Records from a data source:
****************************************

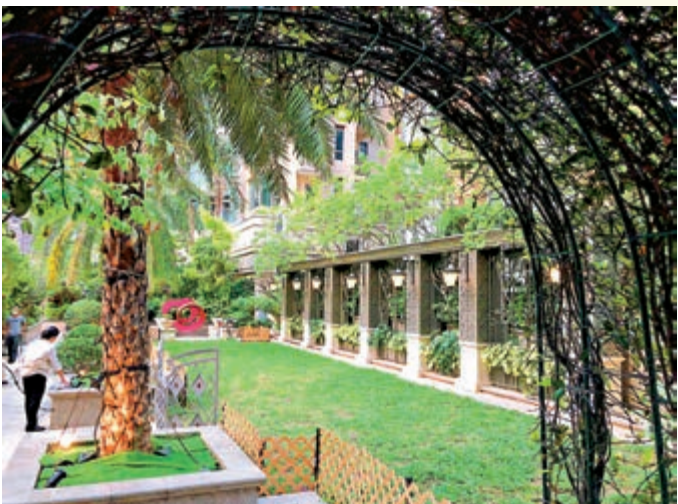
▲位於利東街居然有一處秘密花園。

在這裏，軍火庫的基本建築結構和特色基本被保留下來，如由花崗岩興建而成的炸藥儲藏庫、經過活化後成為現在的麥禮賢夫人藝術館、館外左右的兩枚大炮等，都甚具歷史意義。
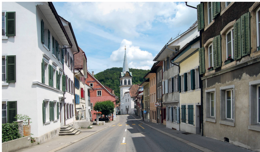
Das Stedtli Waldenburg im Kanton Baselland

Der Anlass im Alten Schulhaus fand reges Interesse. Der Saal war voll, über drei Viertel der Anwesenden waren aus Waldenburg. EspaceSuisse skizzierte in ihrer Stadtanalyse mögliche Interventionen, die mit geringem Aufwand umgesetzt werden können. Die Architekturstudenten der FHNW zeigten einen anderen Weg: Die wenig attraktive Freifläche vor dem Schulhaus sollte mit architektonischen Mitteln der Aussenraumgestaltung und neuen Gebäuden aufgewertet werden und so eine langfristige und andauernde Attraktivitätssteigerung für das Stedtli bringen. Eine Podiumsdiskussion gab Gelegenheit zu weiteren Klärungen, Erläuterungen und Fragen aus dem Publikum. Dabei blieb unklar, wie das weitere Vorgehen
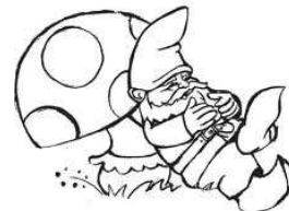
Lopuksi pistettiin jalalla koreasti
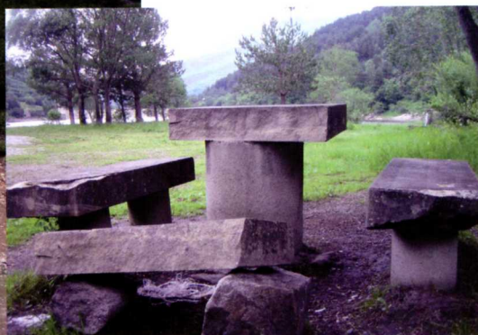
■ Moviment de terra a Aiguamòig, on es volia construir un camp de tir sense permisos i ara es vol construir una àrea de pícnic. L'àrea ja existeix, sense condicionar, a la mateixa zona.
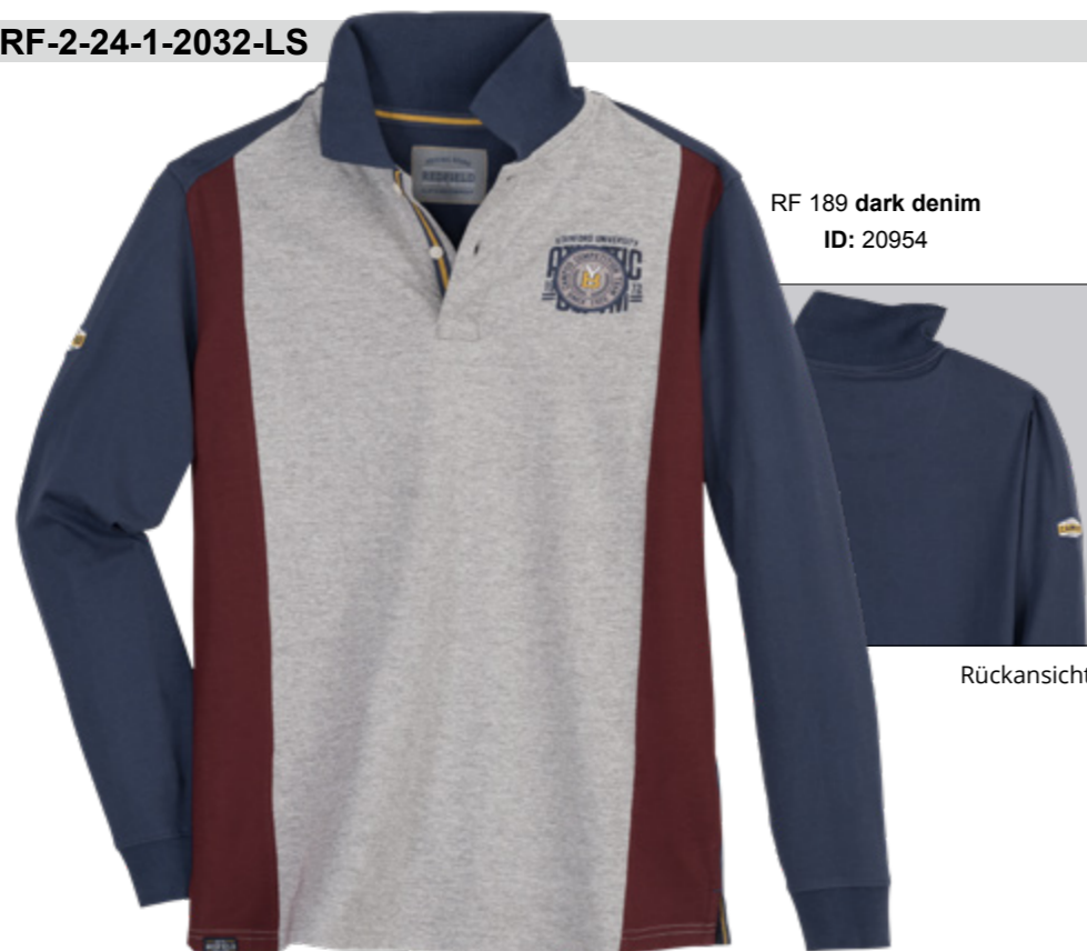
RF 189 dark denim ID: 20954
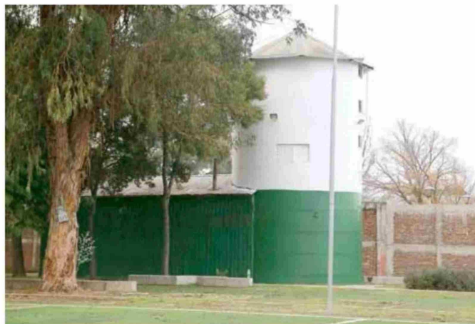
Como un presagio, en el recorrido, las autoridades se encontraron con una infraestructura pintada con los colores institucionales de Carabineros.
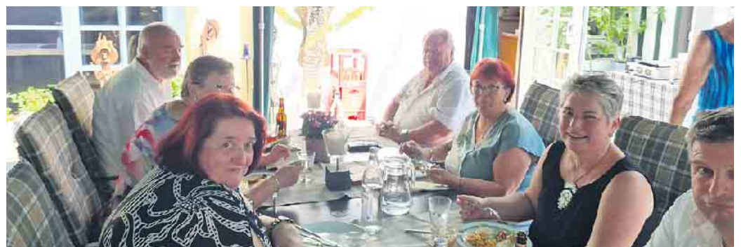
„Verzällche un Laache“ beim Sommerfest
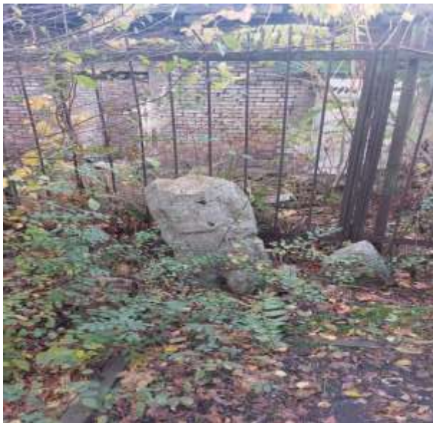
Рис. 4. Поврежденное половецкое изваяние. Ноябрь 2023 г.

В коллекции музея до СВО находилось 28 половецких статуй: 14 мужских и столько же женских. Некоторые статуи в коллекцию вошли уже поврежденными, у части были отбиты головы [2].

****************************************

Task item: Each line of the data above must be repeated exactly, images excluded.

Reply:
▲位於利東街居然有一處秘密花園。

在這裏，軍火庫的基本建築結構和特色基本被保留下來，如由花崗岩興建而成的炸藥儲藏庫、經過活化後成為現在的麥禮賢夫人藝術館、館外左右的兩枚大炮等，都甚具歷史意義。
Das Stedtli Waldenburg im Kanton Baselland

Der Anlass im Alten Schulhaus fand reges Interesse. Der Saal war voll, über drei Viertel der Anwesenden waren aus Waldenburg. EspaceSuisse skizzierte in ihrer Stadtanalyse mögliche Interventionen, die mit geringem Aufwand umgesetzt werden können. Die Architekturstudenten der FHNW zeigten einen anderen Weg: Die wenig attraktive Freifläche vor dem Schulhaus sollte mit architektonischen Mitteln der Aussenraumgestaltung und neuen Gebäuden aufgewertet werden und so eine langfristige und andauernde Attraktivitätssteigerung für das Stedtli bringen. Eine Podiumsdiskussion gab Gelegenheit zu weiteren Klärungen, Erläuterungen und Fragen aus dem Publikum. Dabei blieb unklar, wie das weitere Vorgehen
Lopuksi pistettiin jalalla koreasti
■ Moviment de terra a Aiguamòig, on es volia construir un camp de tir sense permisos i ara es vol construir una àrea de pícnic. L'àrea ja existeix, sense condicionar, a la mateixa zona.
RF 189 dark denim ID: 20954
Como un presagio, en el recorrido, las autoridades se encontraron con una infraestructura pintada con los colores institucionales de Carabineros.
„Verzällche un Laache“ beim Sommerfest
Рис. 4. Поврежденное половецкое изваяние. Ноябрь 2023 г.

В коллекции музея до СВО находилось 28 половецких статуй: 14 мужских и столько же женских. Некоторые статуи в коллекцию вошли уже поврежденными, у части были отбиты головы [2].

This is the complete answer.